In this blog, we’ll take a closer look at gene therapy: how it works, which therapies have already been approved by health authorities, and what treatments are still being tested in research studies. We’ll also explore what the typical approval process looks like for investigational therapies like gene therapy.

This blog is for anyone who wants to better understand gene therapy for Duchenne and the progress being made in this area.

What Causes Duchenne Muscular Dystrophy?

Duchenne is a rare genetic condition that progresses over time. It mainly affects boys, with an estimated 1 in 3,500 to 5,000 boys worldwide born with Duchenne each year. It is caused by mutations (changes in the DNA) in a gene called DMD. This gene is responsible for producing the dystrophin protein, which helps keep muscles strong and healthy. ¹

This protein works like a shock absorber in muscle cells. It protects the tiny strands inside muscles (known as muscle fibers) from damage when muscles tighten and relax (called muscle contractions). Without enough dystrophin, the muscles are more likely to get injured during everyday activities. ¹

When the muscles are damaged, the body tries to repair them. Over time, these repair cycles become less effective. This leads to chronic inflammation, then to progressive scarring of the muscle tissue (fibrosis), and eventually to a loss of muscle function. ¹

Looking for more information about what causes Duchenne, how it’s diagnosed, and the signs to look for? Read our blog ‘Living with Duchenne Muscular Dystrophy: Treatments and Care Essentials’.

What Types of Dystrophin Gene Mutations Lead to Duchenne?

Genes carry instructions, like recipes, for making proteins. Proteins are essential molecules that perform a wide range of functions throughout the body. A mutation is a change in these instructions. Some mutations have no effect, but others can change how the body works or increase the risk for certain diseases. ^{1, 2, 3}

Duchenne is caused by mutations within the DMD gene. This gene contains 79 sections, known as exons. Having so many exons makes it one of the largest genes in the human body. Because it’s so large, many different types of mutations can happen along this gene.

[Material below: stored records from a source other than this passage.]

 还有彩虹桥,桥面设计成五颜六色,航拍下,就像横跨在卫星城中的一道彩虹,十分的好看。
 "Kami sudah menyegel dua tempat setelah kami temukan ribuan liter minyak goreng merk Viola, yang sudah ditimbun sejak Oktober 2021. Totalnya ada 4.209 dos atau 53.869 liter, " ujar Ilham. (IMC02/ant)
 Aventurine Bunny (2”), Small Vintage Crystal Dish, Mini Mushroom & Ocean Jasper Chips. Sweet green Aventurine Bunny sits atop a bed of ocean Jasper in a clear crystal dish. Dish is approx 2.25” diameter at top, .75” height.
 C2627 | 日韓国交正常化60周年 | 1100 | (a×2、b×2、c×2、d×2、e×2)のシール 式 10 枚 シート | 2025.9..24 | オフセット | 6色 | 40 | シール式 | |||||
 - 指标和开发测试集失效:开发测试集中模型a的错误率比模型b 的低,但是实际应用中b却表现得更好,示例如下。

The most common types of dystrophin gene mutations that cause Duchenne include:

• Deletions (60-70% of the cases): One or more exons are missing. ^{4, 5, 6}
• Large duplications (10% of the cases): One or more exons within the gene are duplicated, leading to extra copies of those segments. ^{4, 5, 6}
• Point mutations (15-30% of the cases): Smaller changes in the gene that do not involve an entire gene section or exon. The most common form is a ‘nonsense variant’, which creates a “stop signal”, prematurely ending the production of dystrophin.^{4, 5, 6}

The exact type of mutation can affect how much dystrophin the body makes. In some cases, the mutation leads to a related but milder condition called Becker Muscular Dystrophy (BMD). In Becker, the body can still make some dystrophin, just in a shorter or less effective form. This means muscle weakening happens more slowly, and symptoms are usually less severe.

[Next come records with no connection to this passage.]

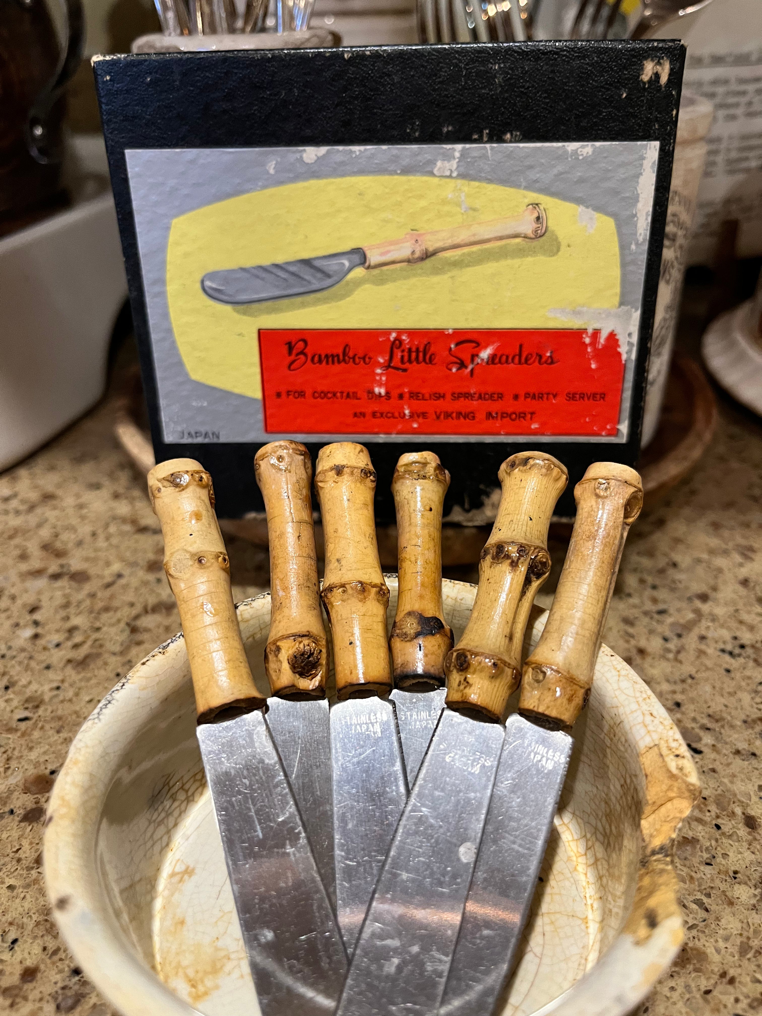 Here’s a darling set of 6 vintage bamboo little spreaders in their original box! They measure 5” long and are in excellent condition!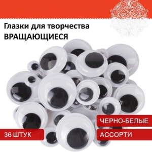 Глазки для творчества вращающиеся черно-белые ассорти 36 шт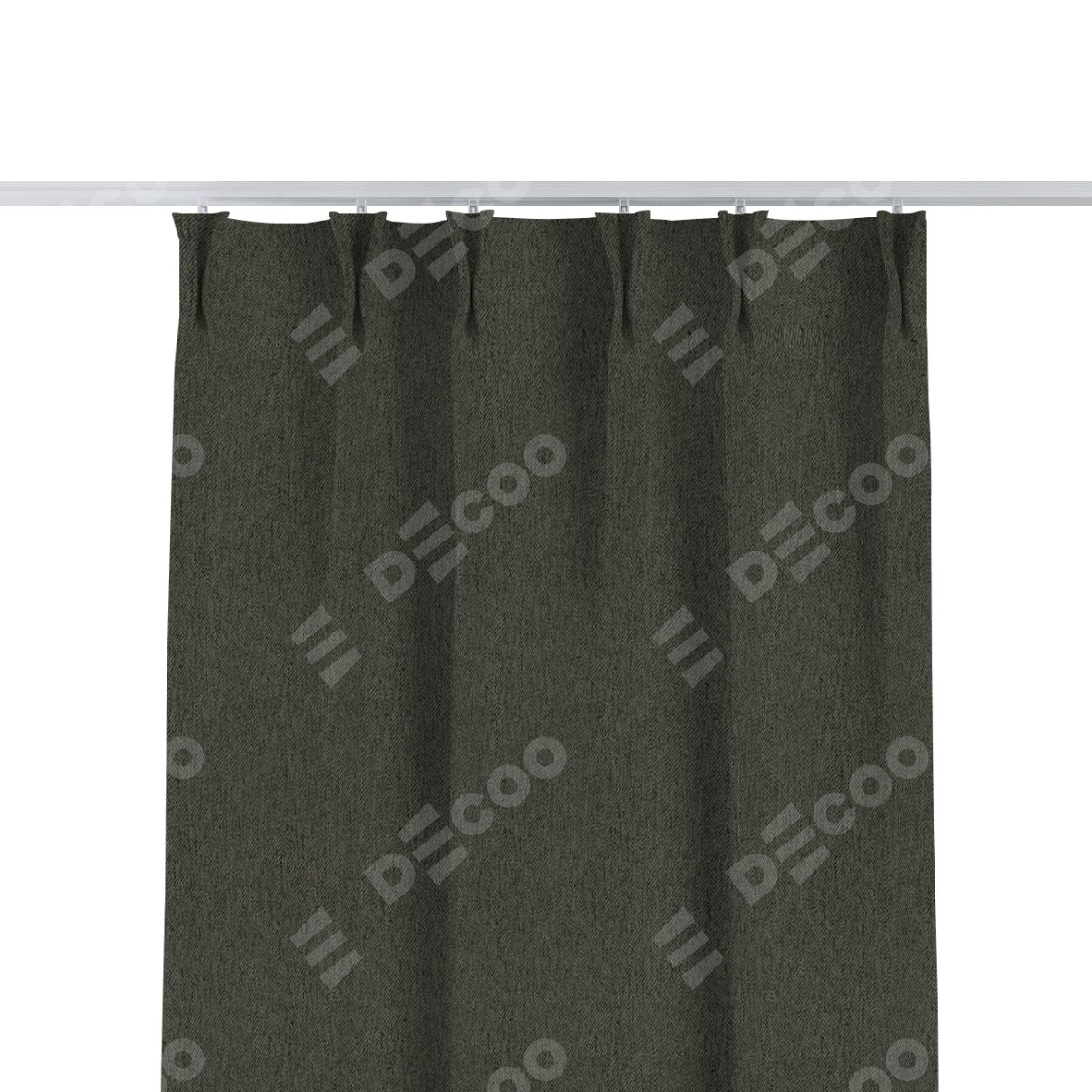 Комплект прямых штор, от производителя «Cortin», пошиты из ткани твид блэкаут тёмно-серый, артикул ткани 21587. С изнаночной стороны в верхней части штор пристрачивается шторная лента с декоративными складками «Кустик». Для создания элегантных складок прямые шторы шьются по стандарту с коэффициентом 1:2 (на 100 см. ширины проёма 200 см. ширины ткани).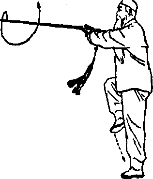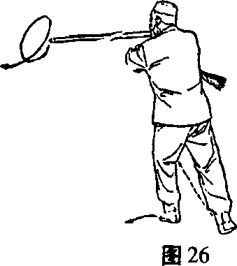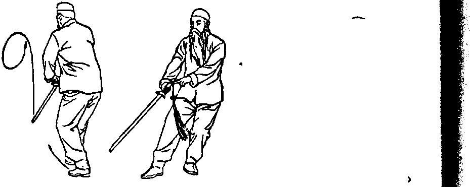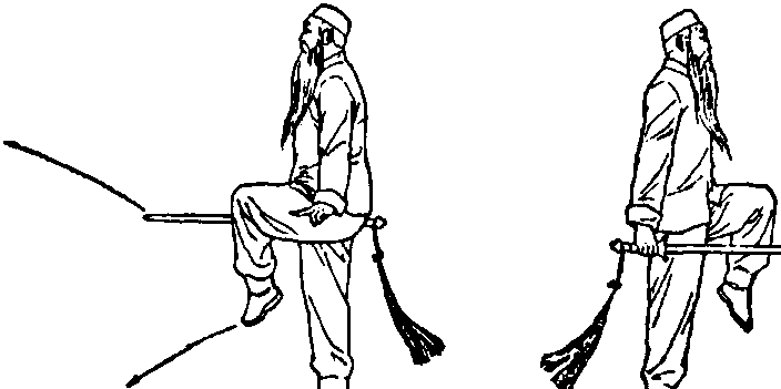 左脚尖里扣,身体右后转大于90° ,重心后移,左膝微 屈右脚向前进半步,脚掌着地,右膝微屈,右手握剑随体右 转,同时外翻,平剑身,手心向上,以腕力向体右后下方划 孤横崩扫,停于右膝外侧上方,剑身平刃,力达剑身中、前 端,剑身斜向下,左手剑指随按于右腕处,手心向下,目视 剑尖。(图25正反)

If you want to know more about Becker Muscular Dystrophy, visit our blog ‘Navigating Becker Muscular Dystrophy: Symptoms, Diagnosis, and Treatment Options’.

What is gene therapy for Duchenne Muscular Dystrophy?

Gene therapy is a type of treatment that aims to fix the genetic problem that causes a disease. ^{7, 8, 9} In Duchenne, gene therapy aims to slow or stop disease progression, helping people keep muscle function for longer. ^{10, 11}

Gene therapies can work in several ways, including:

• Replacing a mutated gene with a healthy variant.
• Silencing or inactivating a gene that is not functioning correctly.
• Adding a new or modified gene that helps counteract the disease. ^{8, 9}

Types of Gene Therapy for Duchenne

There are two main kinds of gene therapy that scientists are investigating to help treat Duchenne:

Gene Replacement for Duchenne

In Duchenne, gene replacement works by delivering a healthy, artificial (exogenous) gene into the muscle cells. The goal is to replace the faulty gene that causes the disease.¹⁰

This approach normally uses a carrier (called a vector) to transport the gene into the cells. This carrier is usually an inactive virus that has been modified in the lab, so it is unlikely to cause infection. Because viruses naturally know how to enter cells and deliver genetic material, they can be adapted to carry therapeutic genes to the tissues where they are needed. ¹² The most common one used is called Adeno-Associated Virus (AAV). ^{13, 14, 15}

Even though this approach is generally considered quite safe, it can still have some risks.  Some people may have reactions from their immune system (which can recognize the viral vector, attack it and neutralize it) or experience side effects such as liver problems, nerve damage, or other complications. ^{16, 17}

AAV vectors can only carry small pieces of genetic material, so the full dystrophin gene is too large to fit. To solve this, researchers created shorter versions of the gene, called mini-dystrophin and micro-dystrophin. These smaller genes still perform the most important functions of dystrophin but are small enough to fit inside the AAV.¹⁵

Once inside the muscle cells, these modified genes give the body the instructions it needs to make a working form of dystrophin. ^{10, 15} This method could possibly be relevant for people with different Duchenne mutations, although more research is needed. ¹⁵

Current Use of Gene Replacement Therapy for Duchenne

At the time of writing, Elevidys (delandistrogene moxeparvovec-rokl) is the only approved gene therapy for Duchenne Muscular Dystrophy (DMD) in some parts of the world, including: ^{10, 18}

United States

Elevidys was initially approved in 2023 through accelerated approval
(which allows earlier access while more studies are conducted to further investigate the potential risks and benefit) for the treatment of children aged 4 through 5 years old with Duchenne who can walk.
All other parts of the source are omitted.